PT.SANJAYA DIKABARKAN KECEWA DENGAN PEMKAB BEKASI

You are currently viewing PT.SANJAYA DIKABARKAN KECEWA DENGAN PEMKAB BEKASI

Mediapasti.com,cikarang, PT Sanjaya Rejeki Mas selaku pemenang tender pembangunan revitalisasi Pasar Cikarang dalam melakukan gugatan ke Pengadilan Negeri Cikarang terhadap perbuatan melawan hukum yang dilakukan Pemkab Bekasi atas pemutusan kerja sama secara pihak.

Sudah empat kali sidang gugatan pihak Pemkab Bekasi tidak pernah memenuhi panggilan sidang. Hal ini bukti bahwa Pemkab Bekasi tidak menghargai proses gugatan PT Sanjaya, kata ketua tim kuasa hukum Zevrijn Boy Kanu and Associates yang telah teregistrasi di Pengadilan Negeri (PN) Kabupaten Bekasi Nomor 144/Pdt.6/2020/PN.CKR.

Zevrijn Boy Kanu selaku ketua tim kuasa hukum saat ditemui jelang persiapan sidang gugatan keempat sangat menyayangkan terhadap pihak Pemkab Bekasi yang dinilai tidak ada itikad baik terhadap proses mediasi yang sudah berjalan empat kali sidang.

“Terkesan Pemkab Bekasi ini meremehkan atas tuntutan yang PT Sanjaya lakukan,” tuturnya kepada wartawan, Rabu (02/08).

Mantan anggota DPRD Kabupaten Bekasi ini menyebut, pihaknya meminta agar proyek revitalisasi Pasar Cikarang dibekukan dan dihentikan sampai dengan gugatan perkara ini mempunyai kekuatan hukum tetap.

Masih menurut Mulyaana juga menyayangkan pihak Pemkab Bekasi tidak meresponnya surat somasi pertama dan somasi kedua dan terakhir yang dilayangkan PT Sanjaya. Hingga terjadi gugatan di Pengadilan Negeri Cikarang.

Tim kuasa hukum PT Sanjaya HS. Pujo Nugroho saat mendampingi sidang gugatan keempat menyebut bahwa PT Sanjaya selaku pemenang tender pembangunan Pasar Cikarang dengan sekema Build Operate and Transfer (BOT) dengan nilai investasi mencapai Rp 570 miliar, sebelum dilayangkannya gugatan pihaknya sudah melakukan somasi kedua dengan No. 017/ZBK-AS/VII/2020 terkait Revitalisasi Pasar Cikarang yang sampai saat ini belum ada respon dari pihak Pemkab. Hingga sidang gugatan ke empat.

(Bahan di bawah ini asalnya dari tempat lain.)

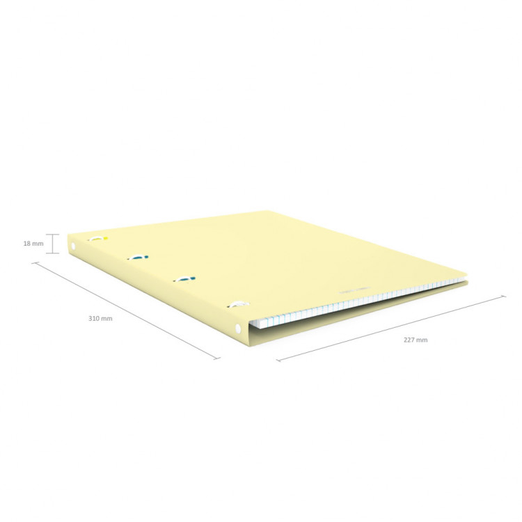 Тетратка со димензија A4 (210×297 mm). Цврста и долготрајна мат полипропиленска корица со текстура на песок. 80 листа од 60 гр хартија. Со квадратчиња – темно сини.

Baca Juga :   Pemerintah Tak Jadi Terapkan PPKM Level 3 Serentak Saat Nataru

Menurut keterangan pemutusan kerja sama yang dilakukan pihak Pemkab Bekasi setelah dilakukan pengumuman pemenang tender, PT Sanjaya dinilai tidak mampu untuk melakukan revitalisasi Pasar Cikarang. Hal itu tentunya dinilai tidak mendasar.

“Ditambah lagi adanya bukti keseriusan PT Sanjaya ketika pihak Pemkab Bekasi meminta memenuhi persyaratan pada surat somasi pertama dengan No. 5102/1089/AKS/2020 tanggal 02 Maret 2020 telah dipenuhi,” ujar Pujo.

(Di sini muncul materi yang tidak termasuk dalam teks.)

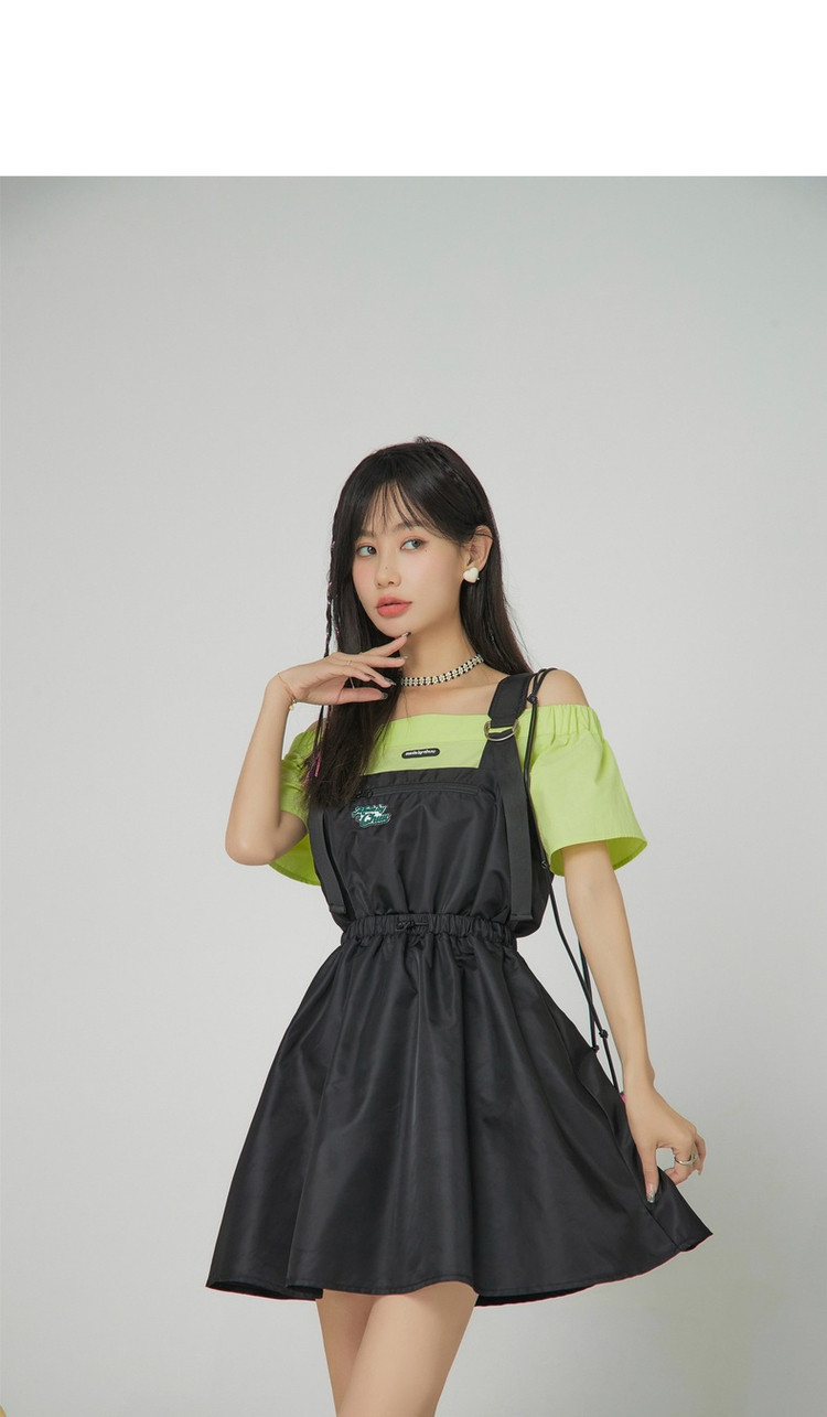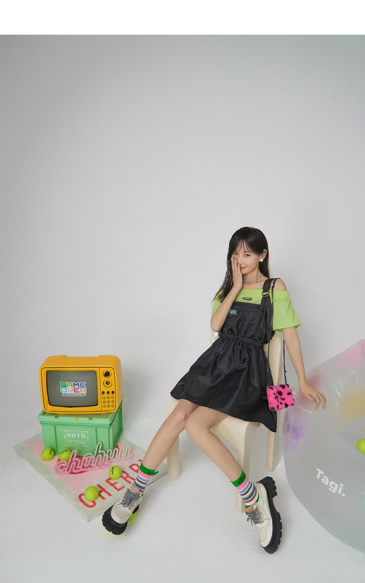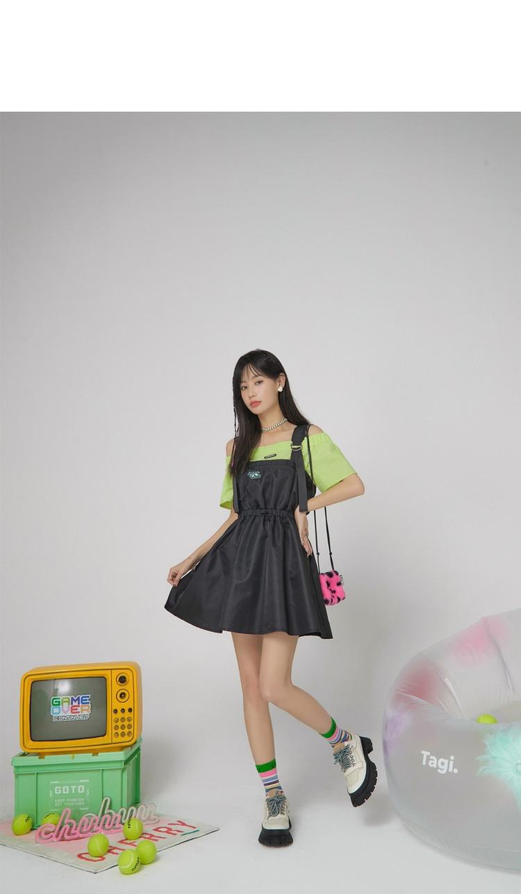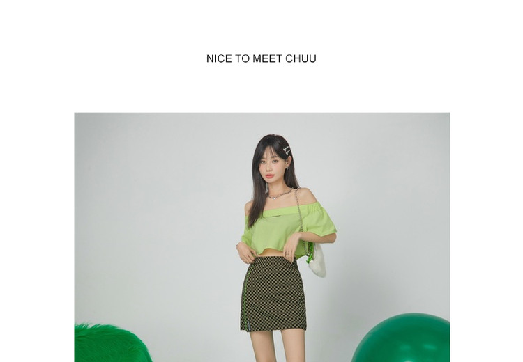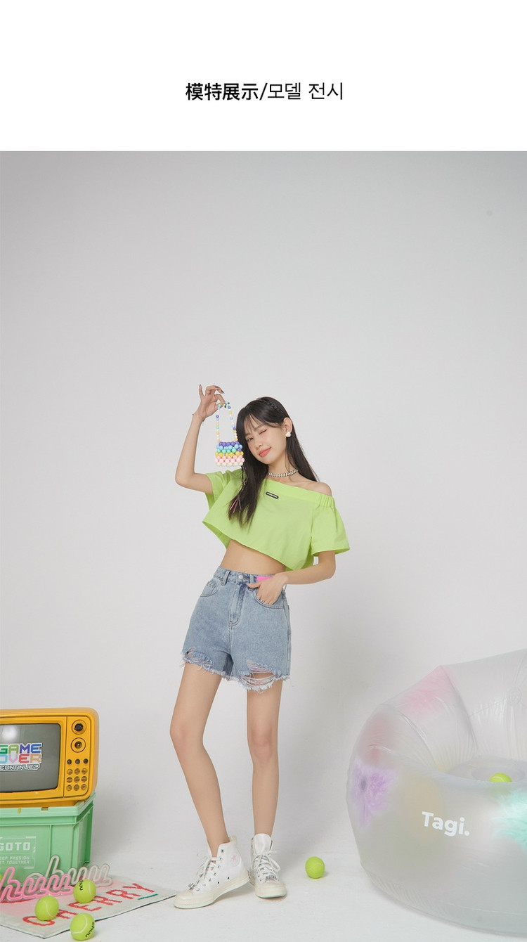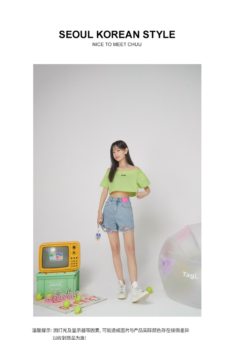 商品名称:CHUU甜辣一字肩短款衬衫衫女夏贴标宽松短袖上衣 684947

Kata Pujo, pihaknya sudah melakukan prosedur sesuai aturan yang berlaku, dimana pada proses pelaksanaan lelang pihaknya telah memenuhi syarat dan diumumkan sebagai pemenang tender. Jadi tidak ada alasan apapun bagi Pemkab Bekasi untuk melakukan pemutusan kerjasama kontraknya.

“Ketidak mampuan yang menjadi alasan pihak Pemkab Bekasi terhadap PT Sanjaya jelas tidak mendasar, karena pihak kami belum melakukan pembangunan. Terkecuali pelaksanaan pembangunan pasar tersebut terjadi mangkrak boleh dikatakan tidak mampu dan wajar dilakukan pemutusan kontrak kerja,” tegasnya.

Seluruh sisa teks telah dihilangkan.